1. Meditation is de-concentration. Do not try to concentrate or focus when you sit down to meditate. Art of Living Founder and master teacher, Gurudev Sri Sri Ravi Shankar says, “Meditation is the art of doing nothing. It is not concentration. It is in fact de-concentration. The inner dimension unveiled by the practice of meditation deeply enriches us and its impact slowly spills over to all aspects of life. As prana or life force rises in the body, one starts to feel a transformation as a direct experience and not as a forced mental exercise. One starts becoming happier, creative, and more in command of their mind and emotions.”

2. Observe the thoughts. Simply observe thoughts as they come and go without getting drawn into them. Again and again, become aware of the thoughts. You’ll notice over time, that the frequency of your thoughts reduces.

“You cannot handle the mind from the level of the mind.”—Gurudev Sri Sri Ravi Shankar

3. Accept the mind. What you resist, persists in the mind. So the more you tell yourself to think in a certain way or to not have thoughts come into the mind, the more they are going to show up, and instead of meditating, you will end up wrestling with incessant thoughts all the time.

The best way to deal with this is to accept the thoughts and emotions, good or bad that come up during your meditation practice. Do not fight them or try to push them away. Sometimes, these thoughts or emotions are part of the cathartic process or emotional purging as you delve deeper into your consciousness. So what can you do with the stream of thoughts?

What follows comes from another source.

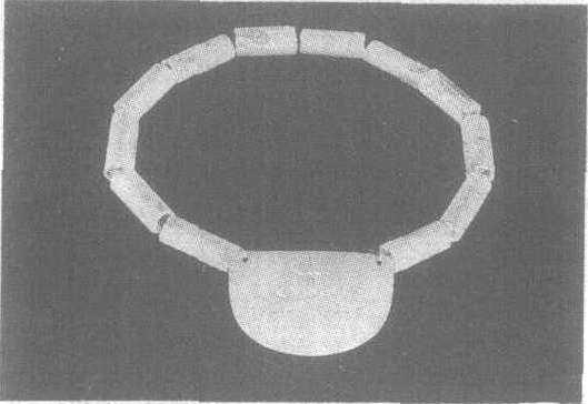 | 释义 | 玉串饰 玉串饰铜石并用时代良渚文化。浙江省杭州市反山出土。浙江省文物考古研究所藏。此件串饰由12个玉管和一块玉饰组成。玉管长短略有差别,玉质为白色,上带茶色斑点。玉饰类似半圆形,正中以极细的刀工刻出简化的神人兽面纹,它代表着良渚文化的神徽。此件玉串简洁明朗,图案精美,刀工绝伦。良渚文化见“方柱形玉尖状器”条目。
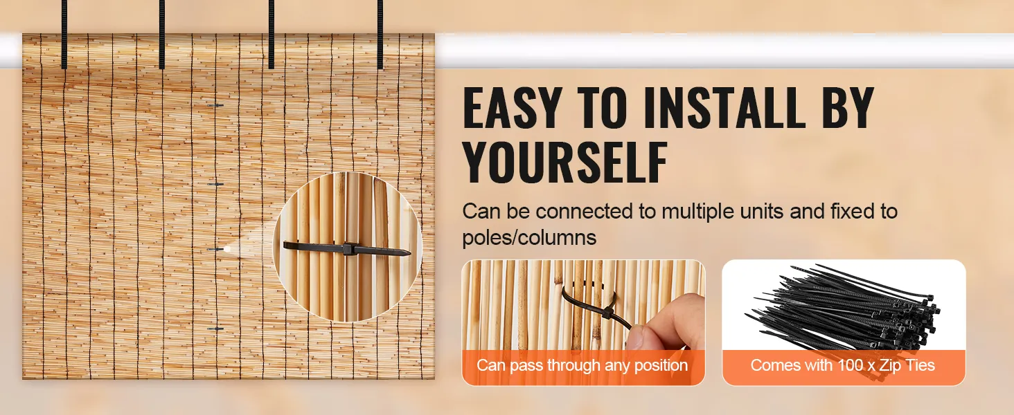 Het installeren van ons rieten privacyscherm is kinderspel. Je hebt geen hamers of gereedschap nodig - gebruik gewoon de meegeleverde kabelbinders en je bent klaar!

4. Breathing or pranayamas and emotions. This mind of ours and the emotions that we experience are closely linked to the prana, or life force. When our prana fluctuates, our mind goes on an emotional roller coaster. When your prana is low, you are likely to feel negative emotions like sadness, anger, heaviness, regret, and overall negativity. When your prana is high, you experience positive emotions like joy, enthusiasm, and happiness.

Pranayama: Prana is the universal life force and ‘Ayama’ signifies regulation or extension or dimension. Pranayamas or breathing techniques are one of the most effective ways to prepare your body and mind for deeper meditation.

Ancient seers devised specific ways to regulate the breath for specific effects in the form of pranayamas. For example, if you cannot stop overthinking, try the Bhramari technique. If you are lacking in energy, a few rounds of bhastrika should do the trick.

Read more about pranayamas and how to do them here.

5. SKY breath. After practicing the pranayamas, you can settle down for meditation. If you want to learn a powerful way to handle the anxious mind, consider the Sudarshan Kriya Yoga breathing technique. It silences the mind and gives you a glimpse of an ocean of peace within you. Thereafter, for a few minutes meditation almost effortlessly happens.

6. Bring attention to the body. Become aware of the whole body, the whole breath, and even the area around the body. Feel the sensations of the body. You can try a body scan and bring awareness to each of the body parts. The idea is that just by focusing on the body, your mind automatically relaxes and your mind calms as you concentrate on the body.

7. Be kind to any anxious thoughts. Mindful.org tells us, “As we’re feeling into this body and mind, we may at times continue to experience some anxious thoughts, worries, fears, and there are times when we can use the practice of mindfulness, of inquiry, of investigating to discover potentially the underlying causes of our fears. If it appears that even after practicing the body scan and mindful breathing that we’re persisting with some anxious feelings, bringing attention to those feelings themselves now to acknowledge what’s being felt, feeling into the fear.”

Just keeping these few things in mind can help you move further along in your meditation journey. But at the end of the day, it is important to be kind to yourself on days when meditation seems like a failed endeavor. Remember it is not a ‘doing’ but meditation is a happening. Let it take its own time.